◆ Exercise objective: Look through the data below and output, unchanged, every line from the one holding "Elevate your Halloween" through the one holding "vstupem z ulice", inclusive. Skip the pictures.

◆ Task data:
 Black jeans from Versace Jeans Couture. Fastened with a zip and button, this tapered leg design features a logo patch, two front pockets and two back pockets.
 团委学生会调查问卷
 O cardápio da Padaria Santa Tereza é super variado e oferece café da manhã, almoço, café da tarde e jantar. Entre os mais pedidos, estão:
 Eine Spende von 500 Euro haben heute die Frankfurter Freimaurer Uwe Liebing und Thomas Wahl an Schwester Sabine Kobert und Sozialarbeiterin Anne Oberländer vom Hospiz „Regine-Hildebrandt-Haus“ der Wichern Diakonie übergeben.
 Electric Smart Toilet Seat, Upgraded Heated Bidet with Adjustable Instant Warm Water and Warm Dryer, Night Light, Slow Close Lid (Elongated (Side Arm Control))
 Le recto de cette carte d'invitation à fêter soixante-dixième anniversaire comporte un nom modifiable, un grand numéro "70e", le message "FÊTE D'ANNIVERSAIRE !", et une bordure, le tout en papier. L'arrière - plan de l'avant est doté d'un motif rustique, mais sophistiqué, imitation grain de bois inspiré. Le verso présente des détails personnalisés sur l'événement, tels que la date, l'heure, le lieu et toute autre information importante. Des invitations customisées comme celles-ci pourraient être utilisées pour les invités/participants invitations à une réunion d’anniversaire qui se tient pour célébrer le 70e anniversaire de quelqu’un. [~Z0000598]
==
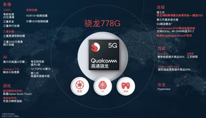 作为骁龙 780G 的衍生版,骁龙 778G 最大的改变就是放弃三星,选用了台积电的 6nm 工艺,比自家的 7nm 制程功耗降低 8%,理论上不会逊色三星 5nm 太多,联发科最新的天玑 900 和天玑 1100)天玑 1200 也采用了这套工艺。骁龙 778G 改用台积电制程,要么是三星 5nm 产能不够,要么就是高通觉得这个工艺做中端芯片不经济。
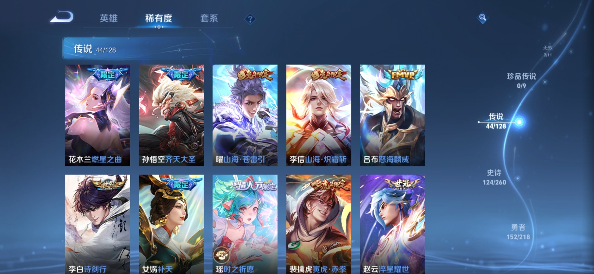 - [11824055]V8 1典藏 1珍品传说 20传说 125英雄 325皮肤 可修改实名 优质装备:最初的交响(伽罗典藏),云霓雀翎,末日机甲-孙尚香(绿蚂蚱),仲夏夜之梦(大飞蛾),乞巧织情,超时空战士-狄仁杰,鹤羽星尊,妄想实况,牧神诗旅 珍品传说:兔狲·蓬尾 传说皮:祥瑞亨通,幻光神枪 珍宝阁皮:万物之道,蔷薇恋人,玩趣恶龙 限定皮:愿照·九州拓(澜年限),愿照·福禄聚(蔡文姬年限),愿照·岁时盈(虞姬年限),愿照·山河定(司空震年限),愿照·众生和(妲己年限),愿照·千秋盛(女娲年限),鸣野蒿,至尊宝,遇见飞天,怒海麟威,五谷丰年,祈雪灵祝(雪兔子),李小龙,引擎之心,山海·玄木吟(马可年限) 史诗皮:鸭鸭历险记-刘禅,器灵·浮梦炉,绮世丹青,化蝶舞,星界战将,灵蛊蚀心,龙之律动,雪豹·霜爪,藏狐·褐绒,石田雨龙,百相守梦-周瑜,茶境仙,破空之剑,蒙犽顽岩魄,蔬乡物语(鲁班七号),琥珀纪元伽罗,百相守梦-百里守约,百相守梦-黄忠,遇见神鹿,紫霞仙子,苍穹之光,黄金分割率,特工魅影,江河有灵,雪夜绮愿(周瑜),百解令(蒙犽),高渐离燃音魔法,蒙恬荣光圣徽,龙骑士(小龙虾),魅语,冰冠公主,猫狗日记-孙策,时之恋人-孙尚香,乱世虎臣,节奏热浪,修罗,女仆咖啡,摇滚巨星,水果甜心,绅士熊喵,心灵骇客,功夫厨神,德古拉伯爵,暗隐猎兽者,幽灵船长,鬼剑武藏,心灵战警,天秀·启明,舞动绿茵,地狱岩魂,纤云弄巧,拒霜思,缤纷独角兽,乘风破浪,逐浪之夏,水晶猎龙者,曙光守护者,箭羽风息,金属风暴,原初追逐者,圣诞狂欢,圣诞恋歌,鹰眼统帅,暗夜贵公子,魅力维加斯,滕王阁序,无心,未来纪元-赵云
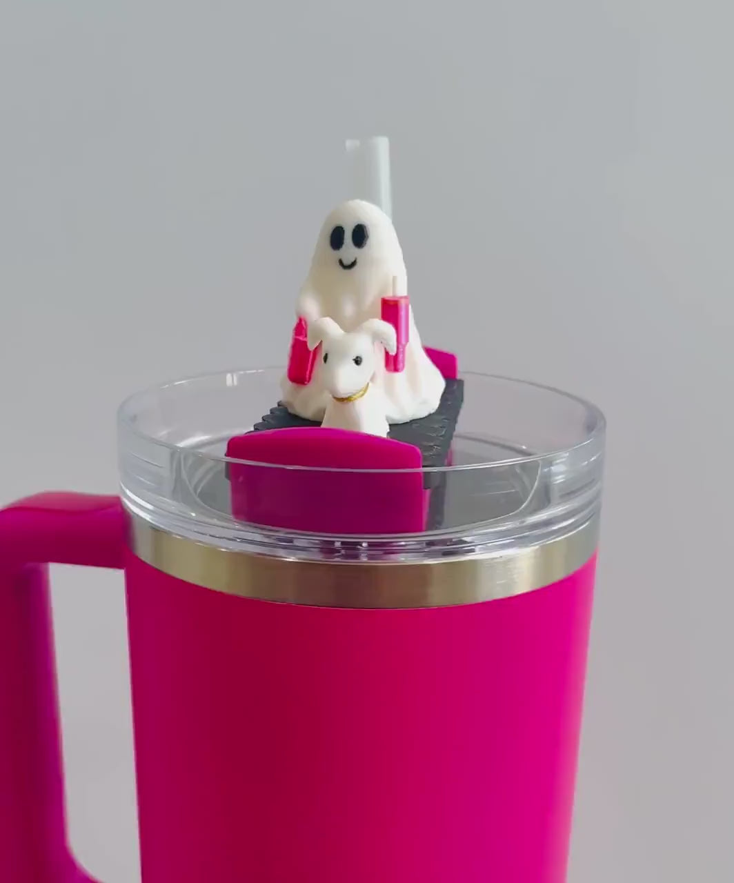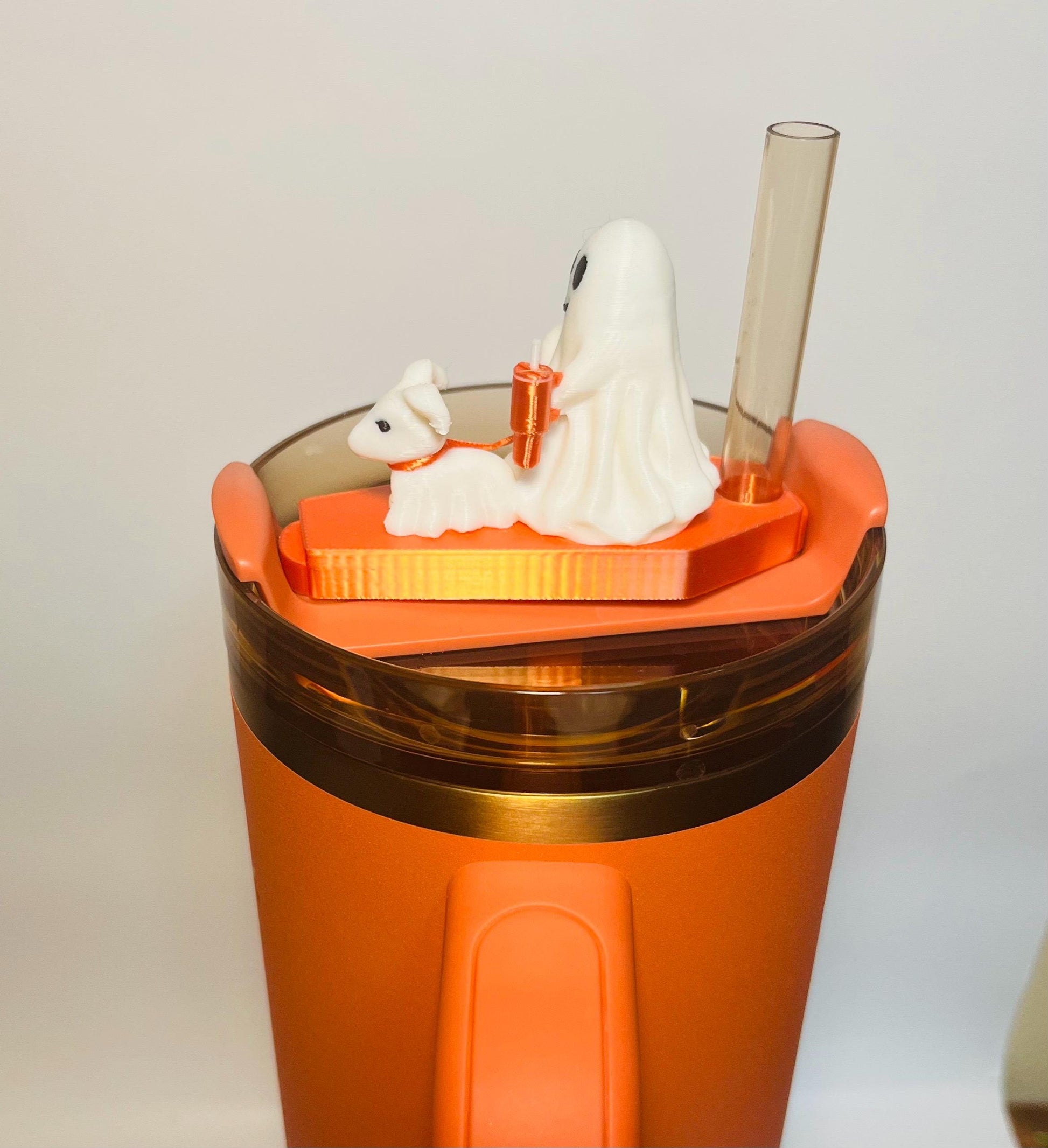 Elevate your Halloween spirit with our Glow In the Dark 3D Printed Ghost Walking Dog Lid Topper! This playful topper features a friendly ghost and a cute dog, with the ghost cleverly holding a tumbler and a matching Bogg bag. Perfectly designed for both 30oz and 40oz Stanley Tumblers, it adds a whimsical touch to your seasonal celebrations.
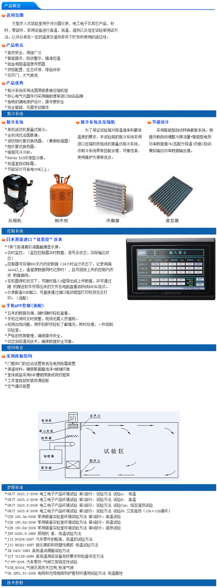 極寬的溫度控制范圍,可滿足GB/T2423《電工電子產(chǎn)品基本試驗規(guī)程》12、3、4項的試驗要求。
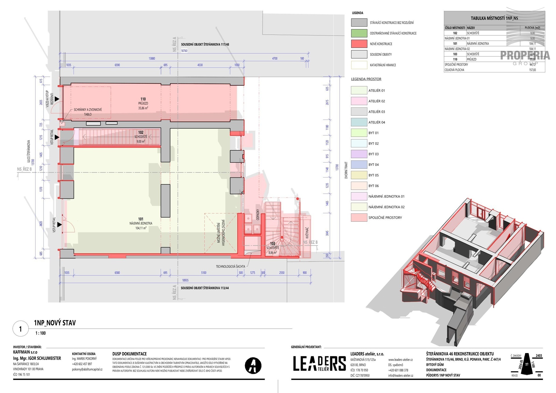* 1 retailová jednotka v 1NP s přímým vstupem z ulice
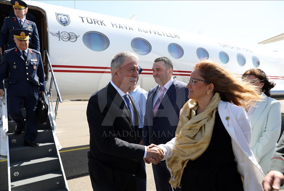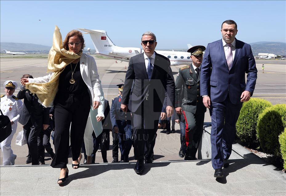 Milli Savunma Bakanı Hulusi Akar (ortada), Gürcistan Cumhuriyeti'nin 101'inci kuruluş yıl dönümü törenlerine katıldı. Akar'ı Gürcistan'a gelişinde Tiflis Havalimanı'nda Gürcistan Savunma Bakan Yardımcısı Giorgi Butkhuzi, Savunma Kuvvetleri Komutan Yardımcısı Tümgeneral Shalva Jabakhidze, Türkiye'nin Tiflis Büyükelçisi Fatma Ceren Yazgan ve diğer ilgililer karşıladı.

◆ Solution to this exercise:
 Elevate your Halloween spirit with our Glow In the Dark 3D Printed Ghost Walking Dog Lid Topper! This playful topper features a friendly ghost and a cute dog, with the ghost cleverly holding a tumbler and a matching Bogg bag. Perfectly designed for both 30oz and 40oz Stanley Tumblers, it adds a whimsical touch to your seasonal celebrations.
 極寬的溫度控制范圍,可滿足GB/T2423《電工電子產(chǎn)品基本試驗規(guī)程》12、3、4項的試驗要求。
* 1 retailová jednotka v 1NP s přímým vstupem z ulice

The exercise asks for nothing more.